# Insect tf rp



## BlackMagic1204 (Apr 8, 2017)

Anyone interested in doing an insect rp tf with me?


----------



## Seduce (Apr 12, 2017)

Tf?


----------



## Casey Fluffbat (Apr 12, 2017)

"insect rp tf"

tf?

u wot m8


----------



## Sagt (Apr 12, 2017)

*T*rans*f*ormation


----------



## FluffyShutterbug (Apr 12, 2017)

Ok... My interest is piqued. Is there cocooning involved?


----------



## Casey Fluffbat (Apr 12, 2017)

Lcs said:


> *T*rans*f*ormation



I'm not familiar with RP lingo.


----------



## Sagt (Apr 12, 2017)

MadKiyo said:


> I'm not familiar with RP lingo.


I've never done RP myself; I'm just aware of the acronym because I've seen it elsewhere. Also the transformation thing isn't a RP exclusive thing, so you could know it from elsewhere, namely from artwork.


----------



## FluffyShutterbug (Apr 13, 2017)

Seriously. Is there cocooning involved? I really wanna know!


----------



## Sagt (Apr 13, 2017)

FluffyShutterbug said:


> Seriously. Is there cocooning involved? I really wanna know!

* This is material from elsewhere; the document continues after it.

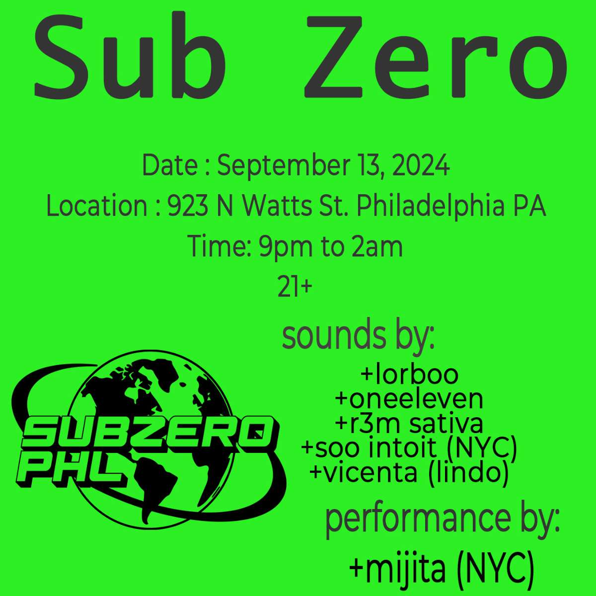 Sub Zero is back! Join us at 9 PM for a night of amazing music featuring DJ Lorboo, R3m Sativa, Oneeleven, and NYC’s Soo Intoit. We’ve got a special guest DJ lined up, and at 11 PM, Mjita from NYC will hit the stage for an epic performance. Don’t miss it—come early and stay late!

BlackMagic seems to have only made an account for this thread and hasn't been online since he made it on Sunday. Keeping this in mind, I doubt you'll get an answer to that question.


----------



## FluffyShutterbug (Apr 13, 2017)

Lcs said:


> BlackMagic seems to have only made an account for this thread and hasn't been online since he made it on Sunday. Keeping this in mind, I doubt you'll get an answer to that question.

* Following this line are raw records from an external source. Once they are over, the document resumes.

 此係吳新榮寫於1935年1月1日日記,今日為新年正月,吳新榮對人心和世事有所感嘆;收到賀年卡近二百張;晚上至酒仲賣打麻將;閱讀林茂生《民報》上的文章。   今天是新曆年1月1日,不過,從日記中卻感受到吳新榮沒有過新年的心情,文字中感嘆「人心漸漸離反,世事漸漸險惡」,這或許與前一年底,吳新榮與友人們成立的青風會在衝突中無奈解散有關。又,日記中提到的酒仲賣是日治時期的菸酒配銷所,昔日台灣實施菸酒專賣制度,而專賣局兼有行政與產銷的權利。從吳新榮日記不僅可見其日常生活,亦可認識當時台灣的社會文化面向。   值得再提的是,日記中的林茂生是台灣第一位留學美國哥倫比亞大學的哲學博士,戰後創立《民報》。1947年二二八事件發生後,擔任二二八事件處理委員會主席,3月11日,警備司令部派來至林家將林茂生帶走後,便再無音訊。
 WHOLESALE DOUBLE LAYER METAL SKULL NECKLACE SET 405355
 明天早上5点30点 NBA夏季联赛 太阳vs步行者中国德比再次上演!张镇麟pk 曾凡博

Oh. Ok. I uh... Hope you don't think I'm a weirdo or anything...


----------



## Sagt (Apr 13, 2017)

FluffyShutterbug said:


> Oh. Ok. I uh... Hope you don't think I'm a weirdo or anything...


I'm not in a position to be judging other people.


----------



## FluffyShutterbug (Apr 13, 2017)

Lcs said:


> I'm not in a position to be judging other people.


 Well, at least I ain't into vore!


----------



## BlackMagic1204 (Apr 15, 2017)

FluffyShutterbug said:


> Seriously. Is there cocooning involved? I really wanna know!


Hmm no not really


----------



## FluffyShutterbug (Apr 15, 2017)

BlackMagic1204 said:


> Hmm no not really


Oh. What does it involve, then?


----------



## BlackMagic1204 (Apr 15, 2017)

FluffyShutterbug said:


> Oh. What does it involve, then?


Annoying a witch


----------



## FluffyShutterbug (Apr 15, 2017)

BlackMagic1204 said:


> Annoying a witch


And the witch turns me into a bug?


----------



## FluffyShutterbug (Apr 15, 2017)

BlackMagic1204 said:


> Turns the both of us into bugs


What sort of bug?


----------



## BlackMagic1204 (Apr 15, 2017)

FluffyShutterbug said:


> What sort of bug?


I prefer cockroaches or flies.


----------



## FluffyShutterbug (Apr 15, 2017)

BlackMagic1204 said:


> I prefer cockroaches or flies.


Hm... Sounds interesting.


----------



## FluffyShutterbug (Apr 15, 2017)

BlackMagic1204 said:


> I don't see a lot of bug tfs.


And, what is the transformation process like? (And, uh... Is this NSFW?)


----------



## BlackMagic1204 (Apr 15, 2017)

FluffyShutterbug said:


> And, what is the transformation process like? (And, uh... Is this NSFW?)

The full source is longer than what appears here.